Description Colin Walters 2015-11-04 21:56:21 UTC

<jhiesey> walters: it looks like most of the ostree admin functions use the sysroot lock for exclusive access, but what about other operations like ostree pull?
<jhiesey> I can run multiple of those simultaneously and get errors about corrupted objects
<jhiesey> is there any mechanism in ostree to prevent that, or is this expected behavior?
<walters> mmm...yes, i think the only thing that's breaking that is the shared caching in repo/tmp
<walters> for partial objects
<walters> we could generate a random tmpdir for those per pull run, but that would lose out on resumes

Comment 1 Colin Walters 2015-11-05 15:29:44 UTC

To clarify on this bug, concurrent pulls were intended to be supported - basically during the pull process, we only download objects we don't have, and the repo object store supports multiple writers with first-one-wins semantics.

I think it's just this HTTP caching layer.  One thing that'd be slightly more elaborate is:

 - Scan for tmp/partial-objects-XXXXX/
 - For each one, try to lock it (lockfile)
 - If we can't lock any, create a new one
 
This way if you start a pull then ctrl-c, we'll correctly resume the next one.  Truly concurrent pulls may do repeated downloads and won't share partial objects.

Comment 2 Alexander Larsson 2015-12-11 14:57:55 UTC

Created attachment 317210 [details] [review]
Add glnx_steal_fd

This is very useful in combination with glnx_close_fd

Comment 3 Alexander Larsson 2015-12-11 14:58:09 UTC

Created attachment 317211 [details] [review]
Add glnx_mkdtempat

Create a temporary directory using mkdirat.

Comment 4 Alexander Larsson 2015-12-11 14:58:36 UTC

Created attachment 317212 [details] [review]
repo: Use per-transaction staging dir

Concurrent pulls break since we're sharing the staging directory for
all transactions in the repo. This makes us use a per-transaction directory.

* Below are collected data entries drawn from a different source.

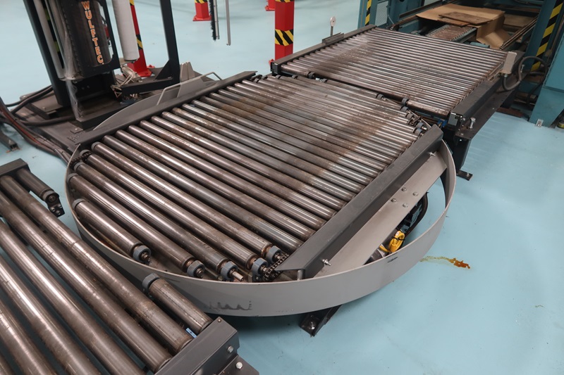 ROTARY SHRINK/STRETCH WRAP MACHINE, 787" ROTARY TABLE W/POWER ROLLER CONVEYOR, 63"X52" POWER INFEED CONVEYOR, 63"X52" POWER OUTFEED CONVEYOR, ALLEN BRADLEY PANEL VIEW PLUS 600 CONTROLS, AUTO-LUBE SYSTEM, 230V, 3-PHASE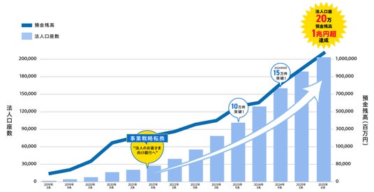 GMOあおぞらネット銀行株式会社(以下、当社)は、2025年6月、当社の法人口座開設数が20万、預金残高が1兆円を超え、インターネット専業銀行としての大きな節目を迎えました。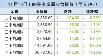 伦敦时间11月14日17:00(北京时间11月15日01:00),LME三个月期铜下跌104美元,或0.95%,收报每吨10,852.0美元。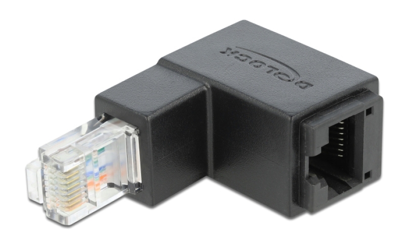 Με αυτό τον αντάπτορα της Delock, μια θηλυκή θύρα RJ45 μιας συσκευής μπορεί να αποκτήσει γωνία κατά 90°. Αυτό καθιστά δυνατή τη σύνδεση ενός καλωδίου δικτύου σε δυσπρόσιτα σημεία.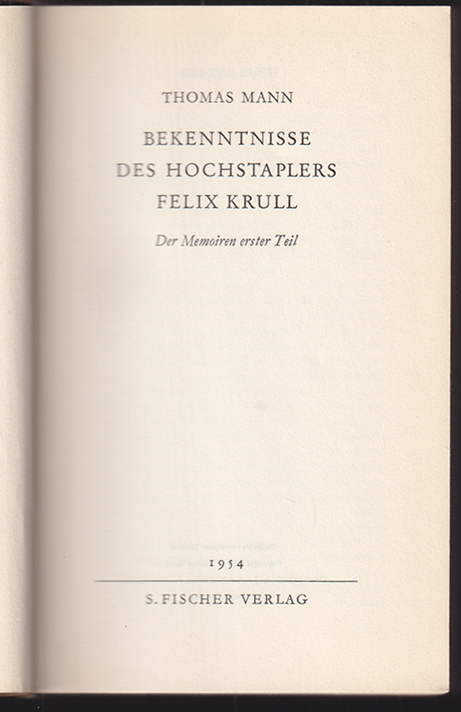 0611-00 MANN, Thomas. Bekenntnisse des Hochstaplers Felix Krull. Der Memoiren erster Teil. (Alles). Bürgin I, 99A; KLL 1430; Potempa D 12, 3.2 - Erstausgabe d. erw. endgültigen Fassung, unmittelbar nach d. aus urheberrechtlichen Gründen in den USA erschienenen hektograph. Volksausg. veröffentlicht | |||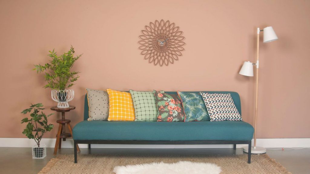 Rozul-corai este culoarea care evoca atat de bine spiritul verii si reprezinta fundalul perfect pentru accentele reci de culoare pe care reuseste sa le indulceasca, asa cum procedeaza aici cu albastrul turcoaz al canapelei din catifea.

However, in order for resumes to work we first look for existing
staging directories and try to aquire an exclusive lock for them. If
we can't find any staging directory or they are all already locked,
then we create a new one.

Comment 5 Colin Walters 2015-12-11 14:59:48 UTC

Review of attachment 317210 [details] [review]:

OK.

Comment 6 Colin Walters 2015-12-11 15:17:20 UTC

Review of attachment 317211 [details] [review]:

::: glnx-dirfd.c
@@ +235,3 @@
+ * @error: Error
+ *
+ * Similar to g_mkdtemp_full, but using openat.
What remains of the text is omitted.